**Action item:** No pictures, please. Output the lines from the start of the data through the line that contains "前期准备→基层处理 →弹线、", both included, exactly as they stand.
-------- Extracted entries --------
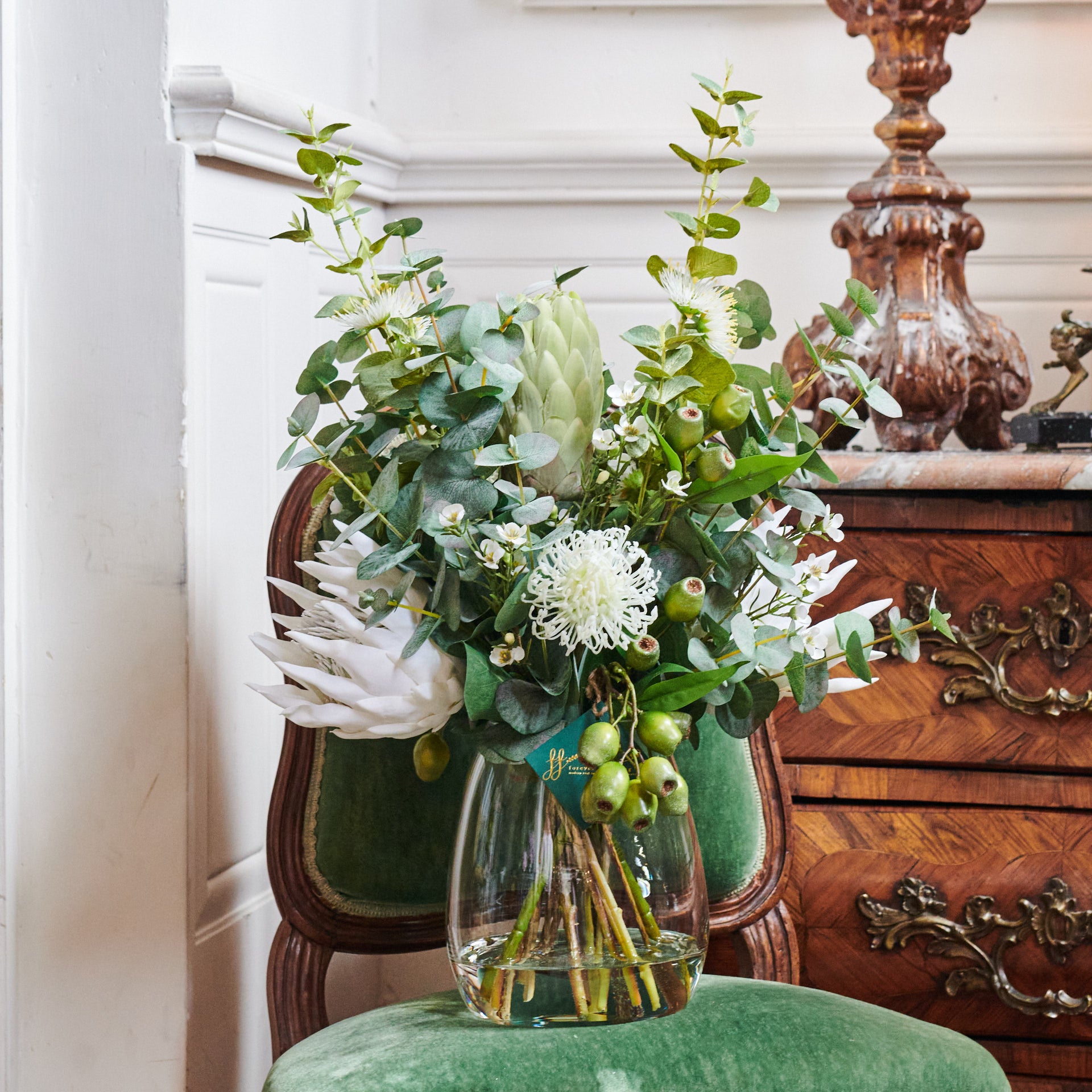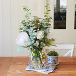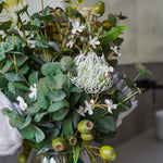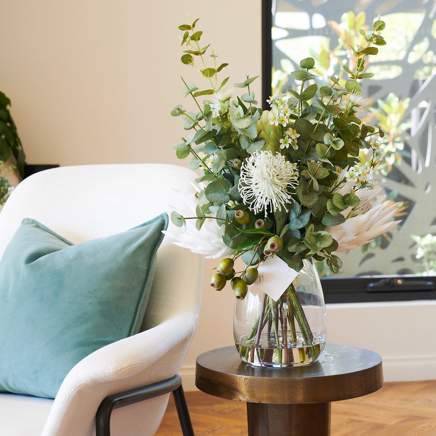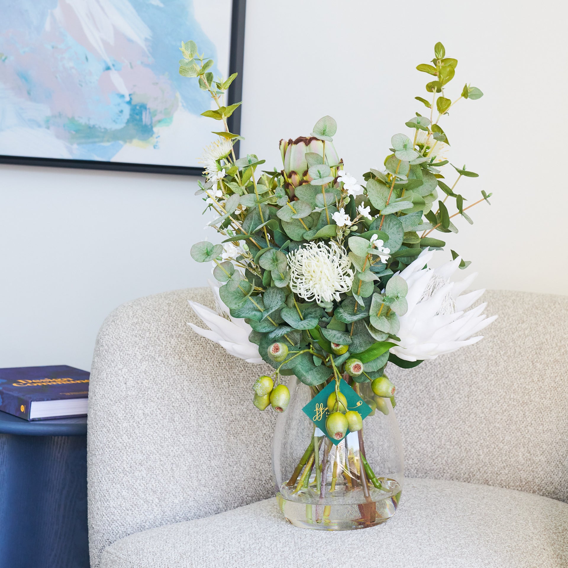 Real Touch Artificial Protea, Gum Nuts, Eucalyptus Leaves, Blossom Flower, Leucosperum Pin Cushion and Wax Flower spray in Belly Vase and Artificial Water. 360-degree flower arrangement.
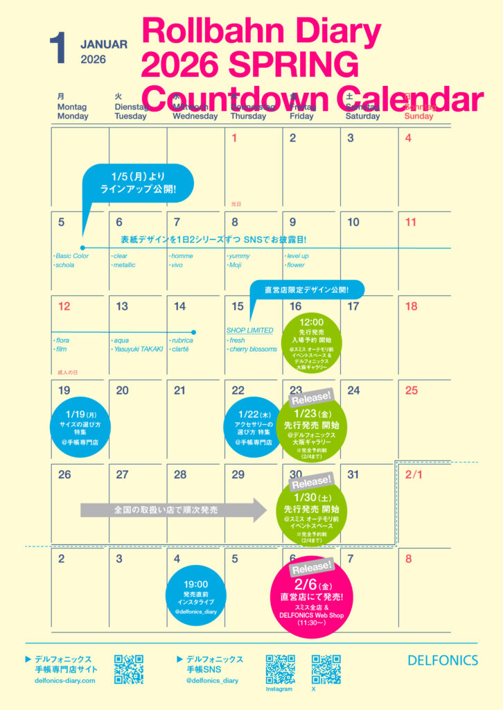 3月始まりのダイアリーに関する情報は、こちらの手帳専門店サイトと、手帳SNS 【X @delfonics_diary】【Instagram @delfonics_diary】でお知らせしていきます。ぜひチェックしてみてください。
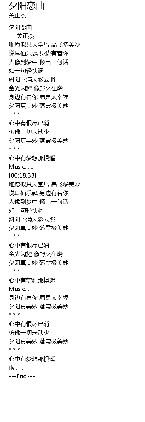 | [02:31.93] | 夕阳真美妙 落霞极美妙 |
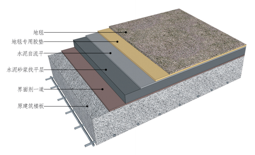 前期准备→基层处理 →弹线、套方、分格、定位→地毯剪裁→钉倒刺板挂毯条→铺设衬垫→铺设地毯→细部处理及清理
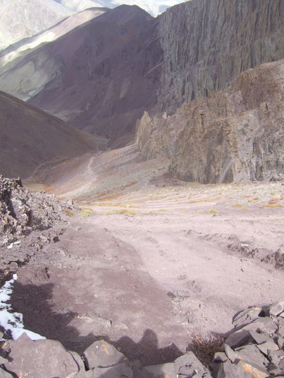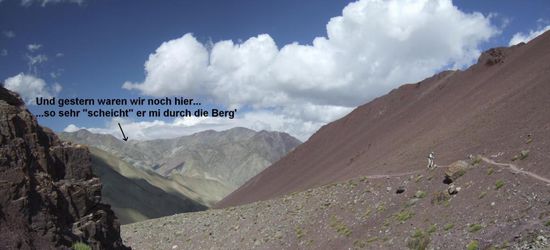 Da Fred unmittelbar nach der Markha Valley Tour den Stok Kangri besteigen will, weicht unsere Tour ab hier von dem ueblichen 8-Tages-Markha-Valley-Trek ab: wir muessen ueber einen weiteren Pass, den Stok La. Vom Camp ist der Pass nicht weit dafuer aber ordentlich steil...
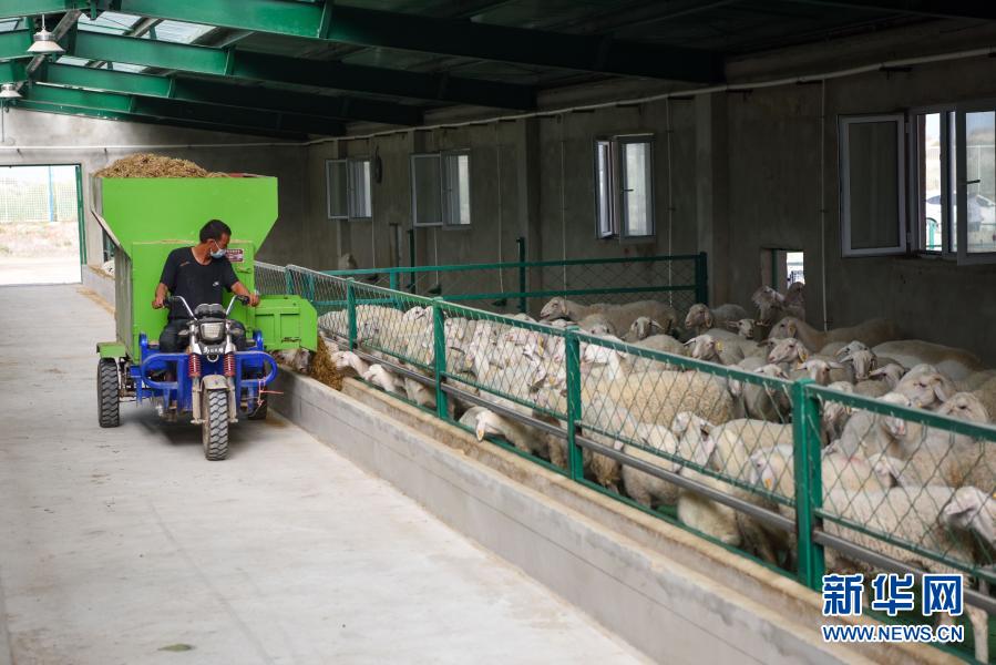 在新疆尉犁县古勒巴格乡标准化养殖场,工作人员驾驶电动撒料车喂羊(2020年8月25日摄)。新华社记者丁磊摄
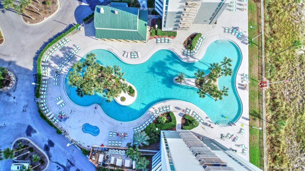 Splash Resort is located on the west end of PCB. This complex offers guests TONS of unique amenities including a splash pad, lazy river, seasonally heated pool, hot tub, fitness center, poolside bar & grill (open seasonally), and more!
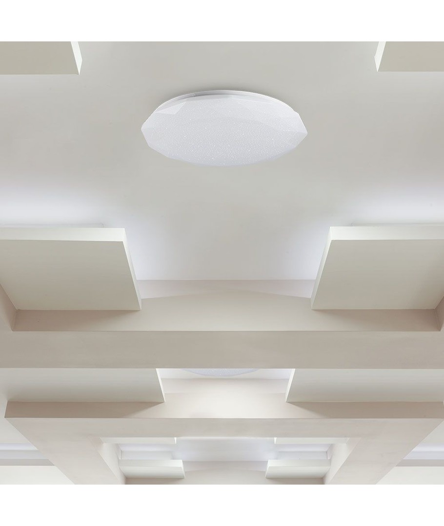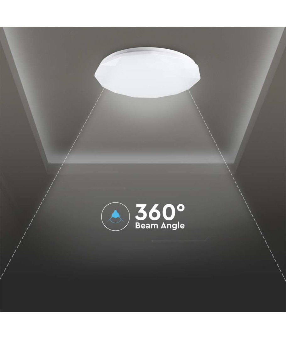 De plafondlamp heeft een lichtverdeling van 360 graden, wat ervoor zorgt dat het licht gelijkmatig verspreid wordt zonder donkere plekken. Dit maakt hem geschikt voor veel soorten ruimtes, waaronder woonkamers, kantoren en slaapkamers.
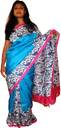 Printed Murshidabad Pure Silk Saree (Light Blue, White, Pink)
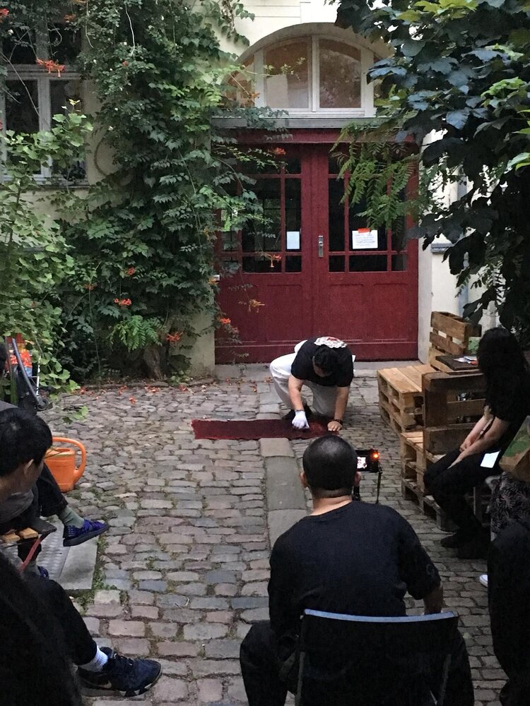 Before the performance, the surface of a ready-made red carpet purchased in the market was painted black by the artist. After showing the painted carpet, the artist laid the carpet and tried to draw the word “PEACE” on the carpet with a sharp object. Upon completion, the artist re-displayed the carpet to the audience. Afterwards, the artist laid the carpet back to the ground and took out the vacuum cleaner to clean the carpet. After the cleaning was completed, the artist showed the carpet again. The word “PEACE” on the carpet and the black color disappeared and the original red color appeared again.
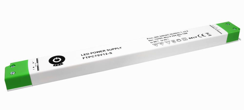 FTPC75V24-S: LED napajalnik 24V/3,125A CV, linearno plastično ohišje, 304,6×30×16,7mm Celoten opis
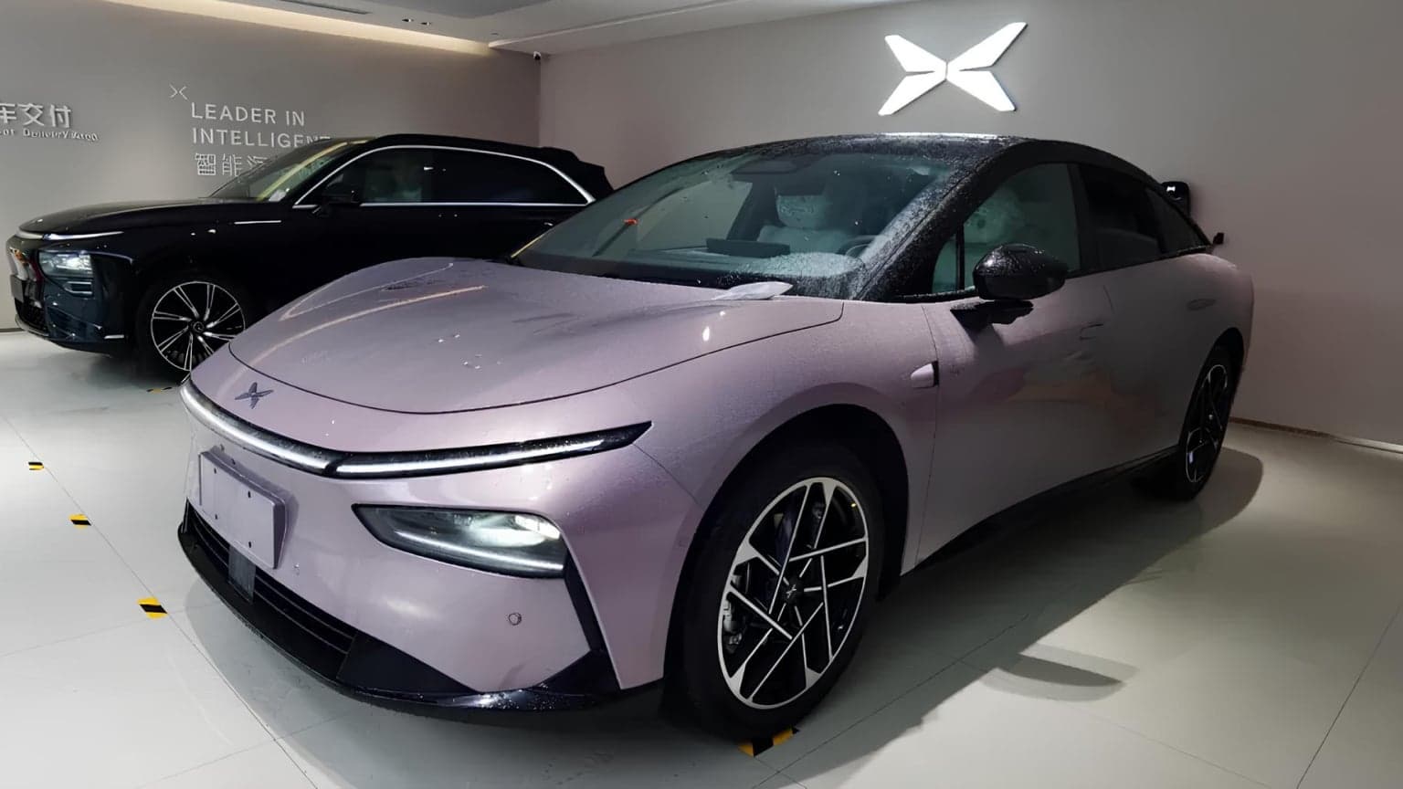 Один из этих лифтбэков уже добрался до выставочного зала. У него фиолетовый цвет кузова с черненой крышей и значками. Еще один автомобиль был замечен рядом с магазином Xpeng с серебристым кузовом и хромированными эмблемами.
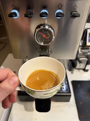 În plus, cel mai mult am apreciat că este o mașină foarte silențioasă. Pompa are un bâzâit plăcut, atât în încălzire cât și în extracție, dar nivelul total de zgomot cred că este de 3 ori mai mic decât la vechiul Lelit. Sunt chiar mulțumit de ce am făcut. Trebuie însă să o las mai moale cu cafeaua, că uzual beau 3-4 shoturi de espresso pe zi și aș bea și mai multe, că-mi place gustul, dar dacă nu mănânc ceva sau nu beau și multă apă, simt că mă agită un pic.
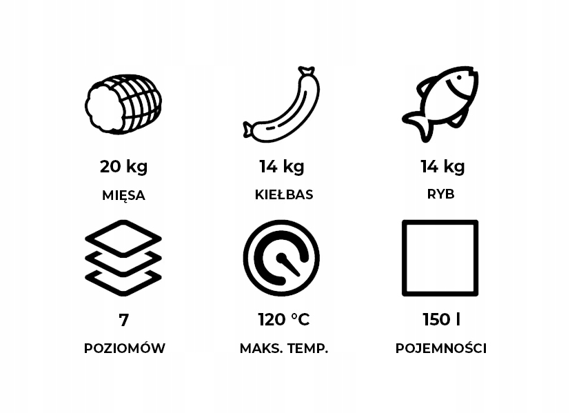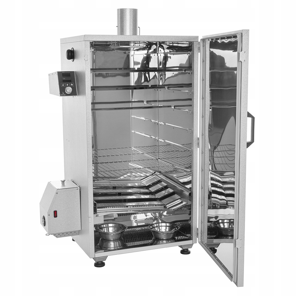 Зручна у використанні, велика коптильня об'ємом 150 літрів з електронною панеллю управління та можливістюкоптіння як гарячого так і холодного. У моделі використовується обігрівач з радіатором, завдяки чому розподіл температури відбувається дуже ефективно. Простора коптильна камера дозволяє коптити до 20 кг м'яса на 7 рівнях.
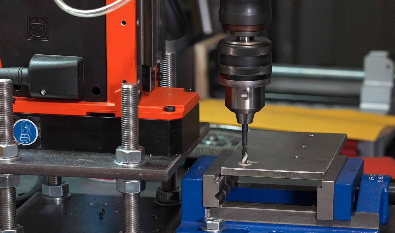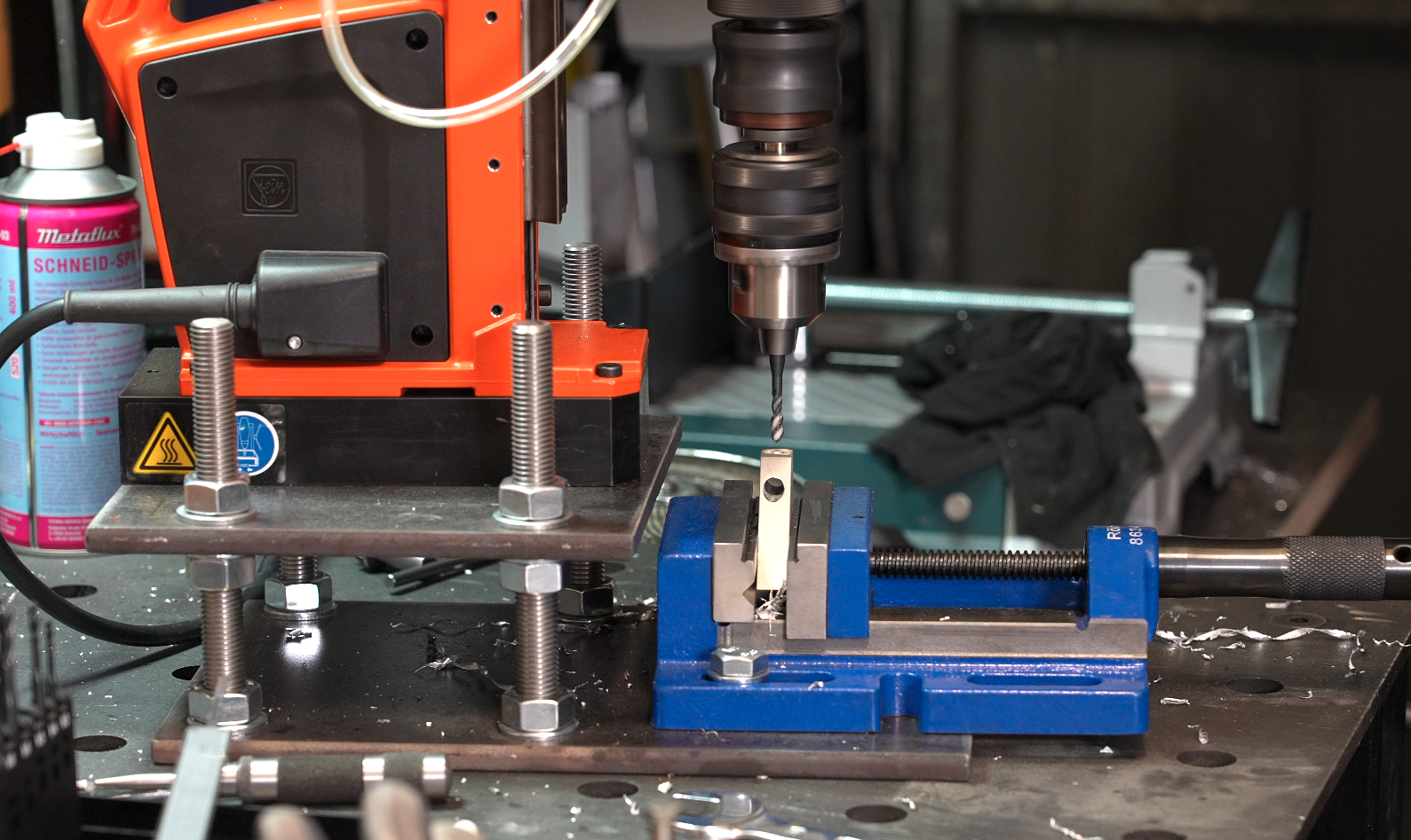 Die Grundplatte aus Edelstahl trägt die Klemmbasis aus einem Edelstahlprofil. Diese ist von unten mit der Grundplatte verschraubt. Auf der Klemmbasis können verschiedene Auflageböcke angeschraubt werden. Sie können sowohl in der Höhe, sowie auch in der Lage verstellt werden. Die höhenmäßige Ausrichtung ist natürlich begrenzt und wird nicht empfohlen, da dann keine obere Auflage auf der Klemmbasis vorhanden ist. Die Grundplatte wird gebohrt und es werden Gewinde M5 und M6 geschnitten:
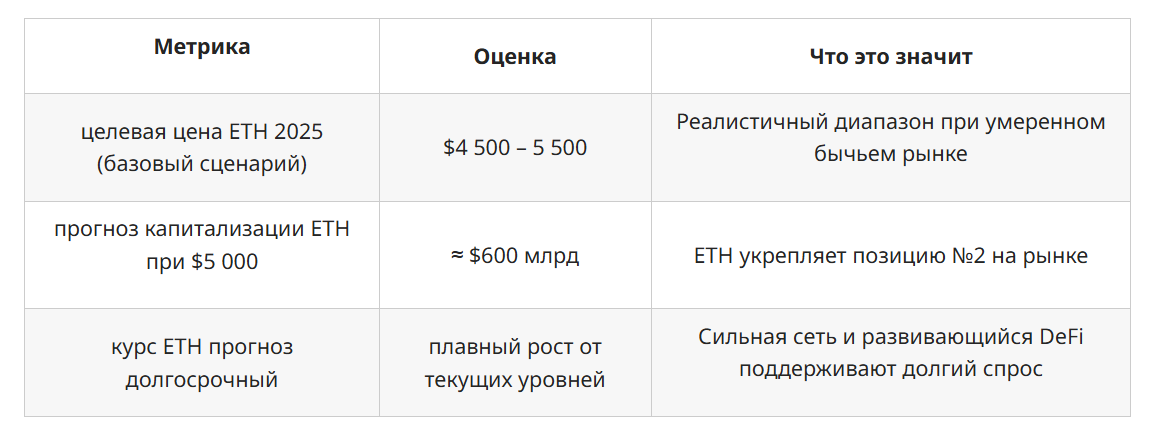 Чем сильнее фундамент, тем более уверенно можно выстраивать Ethereum прогноз 2025 и долгосрочный прогноз капитализации ETH. Ниже, на примере таблицы, мы поясним свои тезисы.
--------
**Result for this task:**
 Real Touch Artificial Protea, Gum Nuts, Eucalyptus Leaves, Blossom Flower, Leucosperum Pin Cushion and Wax Flower spray in Belly Vase and Artificial Water. 360-degree flower arrangement.
 3月始まりのダイアリーに関する情報は、こちらの手帳専門店サイトと、手帳SNS 【X @delfonics_diary】【Instagram @delfonics_diary】でお知らせしていきます。ぜひチェックしてみてください。
 | [02:31.93] | 夕阳真美妙 落霞极美妙 |
 前期准备→基层处理 →弹线、套方、分格、定位→地毯剪裁→钉倒刺板挂毯条→铺设衬垫→铺设地毯→细部处理及清理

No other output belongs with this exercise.